“Like the rest of the world, I was deeply and profoundly saddened--(but) not shocked, because this is the kind of thing that, unfortunately, we in the world of AIDS have been expecting to happen.”
Elizabeth Taylor, undoubtedly the world’s most prominent crusader against AIDS, was reacting to the news that Lakers’ point guard Earvin (Magic) Johnson had contracted HIV, the virus that causes AIDS-.
“We expected (it would take) somebody famous--either a man or a woman, a very heterosexual macho man or a very female female--to come down with AIDS before people really sat and (paid) attention to the fact that AIDS is not just a minority group disease. It’s a heterosexual disease. It’s everyone’s disease. And people have not been listening to our words of warning,” she said.

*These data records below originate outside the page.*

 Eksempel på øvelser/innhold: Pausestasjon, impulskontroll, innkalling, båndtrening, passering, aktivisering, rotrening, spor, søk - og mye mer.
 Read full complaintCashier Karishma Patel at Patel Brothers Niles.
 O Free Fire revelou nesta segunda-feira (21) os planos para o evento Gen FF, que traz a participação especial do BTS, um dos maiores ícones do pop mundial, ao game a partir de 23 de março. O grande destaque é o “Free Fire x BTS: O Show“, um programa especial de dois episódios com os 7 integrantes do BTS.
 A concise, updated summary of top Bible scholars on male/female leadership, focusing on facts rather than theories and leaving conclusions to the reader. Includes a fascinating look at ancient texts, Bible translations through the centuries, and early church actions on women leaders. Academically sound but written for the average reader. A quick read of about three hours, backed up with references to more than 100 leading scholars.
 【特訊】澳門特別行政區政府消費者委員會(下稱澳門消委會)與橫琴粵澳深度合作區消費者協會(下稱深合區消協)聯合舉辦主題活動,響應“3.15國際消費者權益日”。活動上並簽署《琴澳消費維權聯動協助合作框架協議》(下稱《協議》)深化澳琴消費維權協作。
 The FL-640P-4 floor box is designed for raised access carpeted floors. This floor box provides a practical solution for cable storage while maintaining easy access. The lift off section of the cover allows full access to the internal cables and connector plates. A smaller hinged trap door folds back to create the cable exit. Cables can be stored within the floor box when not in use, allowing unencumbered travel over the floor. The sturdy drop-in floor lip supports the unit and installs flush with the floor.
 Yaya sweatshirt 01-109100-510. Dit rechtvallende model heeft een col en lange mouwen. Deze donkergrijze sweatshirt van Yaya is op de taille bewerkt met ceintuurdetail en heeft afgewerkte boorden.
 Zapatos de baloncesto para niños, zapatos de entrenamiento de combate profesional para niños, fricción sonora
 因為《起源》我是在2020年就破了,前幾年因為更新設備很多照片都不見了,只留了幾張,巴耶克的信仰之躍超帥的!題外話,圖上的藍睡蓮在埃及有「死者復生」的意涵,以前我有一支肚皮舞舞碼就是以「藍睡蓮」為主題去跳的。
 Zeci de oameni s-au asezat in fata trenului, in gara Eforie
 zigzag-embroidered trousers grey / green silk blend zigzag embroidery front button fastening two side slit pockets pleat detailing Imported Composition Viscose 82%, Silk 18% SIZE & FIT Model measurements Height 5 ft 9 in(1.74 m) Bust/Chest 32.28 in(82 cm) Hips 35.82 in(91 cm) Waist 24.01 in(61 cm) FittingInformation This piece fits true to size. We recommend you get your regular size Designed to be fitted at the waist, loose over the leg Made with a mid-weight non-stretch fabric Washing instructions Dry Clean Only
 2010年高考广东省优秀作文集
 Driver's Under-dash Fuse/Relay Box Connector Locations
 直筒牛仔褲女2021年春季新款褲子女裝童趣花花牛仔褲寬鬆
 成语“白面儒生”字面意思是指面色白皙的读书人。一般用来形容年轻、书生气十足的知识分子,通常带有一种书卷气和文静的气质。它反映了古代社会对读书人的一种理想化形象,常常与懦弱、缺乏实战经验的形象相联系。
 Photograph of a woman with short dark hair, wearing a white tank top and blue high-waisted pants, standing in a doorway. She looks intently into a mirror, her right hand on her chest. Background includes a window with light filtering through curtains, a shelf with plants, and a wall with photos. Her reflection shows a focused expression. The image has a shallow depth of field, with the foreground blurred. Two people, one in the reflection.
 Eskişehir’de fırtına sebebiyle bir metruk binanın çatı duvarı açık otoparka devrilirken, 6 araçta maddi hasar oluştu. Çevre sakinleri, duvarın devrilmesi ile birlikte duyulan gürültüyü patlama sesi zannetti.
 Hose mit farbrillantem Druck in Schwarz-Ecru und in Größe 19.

Taylor talked about Johnson in a telephone interview from her Los Angeles home Saturday afternoon just a few hours before she was honored by the Pacific Center for her efforts in battling AIDS.
The Pacific Center is a nonprofit Los Angeles organization that provides free counseling and therapy in therapists’ offices to people with HIV and AIDS; if they are too sick to travel, counseling is done in homes or hospital rooms.
Taylor said she doesn’t know Johnson, nor has she spoken to him about enlisting his support in raising funds or educational efforts, even though he has reportedly already fielded about 1,000 entreaties for help in the fight against AIDS.
“No, I mean, the man has just been given a death sentence. I don’t know him. I haven’t met him. My heart breaks for him and his entire family. I think it’s a bit ghoulish to call this soon and say, ‘Hey, join my bandwagon.’ I would like to meet him and ask him and his wife to come up and have tea and talk to him on a quiet social basis to see if there’s something we can do to help him with our expertise in counseling or whatever, rather than seeing what we can get from him.
“Of course,” she added, “I think his image could certainly help enormously the youth of America if he decides to become a spokesperson because he is a hero.”
On Saturday night, it was clear that Taylor was a hero as well. She received two standing ovations--the first for just walking in with her new husband, Larry Fortensky, and sitting down at her table, where she was engulfed by a phalanx of security guards and joined by friends like Waldo Fernandez. The second ovation came after she accepted the award presented by Angela Lansbury, her “National Velvet” co-star in 1944. Lansbury said Taylor was “unarguably the most famous woman in the world.”
The evening, attended by more than 1,000 people at the Westin Bonaventure, also featured two hours of entertainment and an auction with stars like Carol Burnett, Steven Seagal, Patti LuPone and Nell Carter.
Said David Goldstein, president of the board of Pacific Center: “We’re a small-potatoes organization.” A year and a half ago, “we had $900 in the bank.” Taylor’s presence at the event meant that Pacific Center would raise about $350,000, and that was a low estimate, said Goldstein.
Earlier that day, Taylor explained that she gave her support to the Pacific Center because, not long ago, one of her “very best friends” had committed suicide.
“He was HIV positive. He was receiving counseling and certainly had all the love in the world. But it made me realize, with a sense of horror, how insufficient our counseling and psychotherapy is for the patient who can’t afford it and how vitally important it is to make life for the patient as tenable as possible, as liveable as possible and to give that person as much dignity as possible.”
Taylor recently established her own Elizabeth Taylor AIDS Fund, which is the beneficiary of the sales of the photographs taken at her recent wedding. She estimates that project will exceed her projections of $1 million.
Taylor thinks the government should be doing more. “I don’t think the government has begun to touch on all the areas that they can help. I don’t think even the government realizes the vast extent of this epidemic.”
Does Taylor think a cure to the deadly disease will be found in her lifetime?
“I think it better. They’ve been working on a cure for cancer for 100 years, and cancer and AIDS are very closely linked. If you look at the rate of acceleration of AIDS in the last 10 years, if there isn’t a cure in the next 100 years, we’re going to be left with a dead planet. That’s a pretty scary thought.’
AIDS, of course, isn’t the only thing on Taylor’s mind these days. She reported that her new fragrance, White Diamonds, is selling extremely well. And since the Fortenskys have returned from a month-long trip to Tangier, Switzerland and London, Mrs. Fortensky finds married life to be “great.”
“We’re still on our honeymoon,” she added.